Civil liberties under the Shah:
The Shah’s crucial decade from 1965 to 1975 was also critical for the regime’s cultural politics. Iran in this period was a discordant combination of cultural freedoms and political despotism – of increasing censorship against the opposition but increasing freedoms for everyone else. It is far from hyperbole to claim that during the sixties and seventies, Iran was one of the most liberal societies in the Muslim world in terms of cultural and religious tolerance, and in the state’s aversion to interfere in the private lives of its citizens – so long as they did not politically oppose the Shah. Indications of this tolerance were many: from the quality of life of Iran’s Baha’i and Jews to the artistic innovations and aesthetic avant-gardism of the Shiraz Art Festival…
Much to the consternation of the Shiite clergy in this period, the Baha’i enjoyed freedom and virtual equality with other citizens. The same was true about Iranian Jews – some 100,000 of the them, who had lived in Iran for over 3,000 years. In the words of David Menasheri, it was the Jews’ “golden age,” wherein they enjoyed equality with Muslims and in terms of their per capita incomes “they might have been the richest Jewish community in the world.” Some of the most innovative and successful industrialists, engineers, architects, and artists were either Jewish or Baha’i…
Economic liberties under the Shah:
In a fascinating speech on the floor of the Senate, he [Iranian senator and industrialist Qassem Lajevardi] offered a de facto manifesto for Iran’s nascent industrialist class…

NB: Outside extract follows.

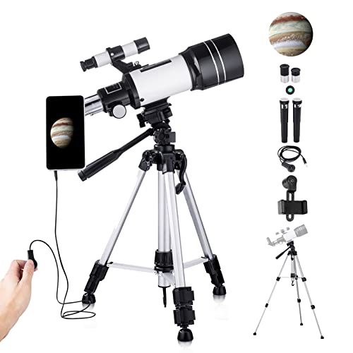 - 【Astronomical Telescope】70mm large-diameter, BAK4 prism system, 300mm focal length, large view. Fully multi-coated lens, high transmission, enhance image brightness and clarity, perfect for observing aurora, moon, planets, meteor, scenery, bird.
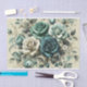 Papel De Seda Rosas Brancas e Teais

Lajevardi began his remarks by pointing out the startling fact that 103 of the 104 government-run companies were losing money – the only one that showed any profit was the oil company. He also talked of the dangers or price control, knowing well the Shah’s proclivity to use force to control prices, going so far as deputizing an army of students to identify and, if necessary, arrest businessmen accused of price gouging. The policy angered not just modern industrialists like Lajevardi but also members of the bazaar, long a bastion of support for the moderate opposition and for the clergy. Nowhere in the world, Lajevardi said, had the effort to forcefully control prices led to success. He went on to also criticize the government policy of arbitrarily deciding workers’ wages. Wages, he said, must correlate with productivity and cannot, as was the case in Iran, be treated as a political bonus. Industrialists will invest, he said pointedly, only if they are allowed to make a fair profit. By then, a massive flight of capital from Iran had already started – a flight that would be redoubled when the political situation deteriorated.
Strong on civil liberties, weak on economic liberties – it almost seems like American liberals should have liked the Shah. The favorable theory is that liberals cared more about democracy than getting their preferred policies. The unfavorable theory is that liberals knew next to nothing about the Shah’s actual policies, and opposed him chiefly for the traditional authoritarianism he symbolized rather than what he actually did – or how he compared to plausible alternatives.
HT: Mehi Haghani
READER COMMENTS
Michael
May 11 2015 at 6:50am
Thie unfavorable theory is basically right, but it can be put more charitably. What he symoblized was something we did — we, the US and the UK in particular, and thus the West. We wrongly imposed our will on another people. And when you realize you have done that, you should publicly repent so it will not be easy for your covert agencies to do it again; and you should back off, which is really all we did. (I don’t think any substantial fraction of America ever wanted actively to support anti-Shah forces.)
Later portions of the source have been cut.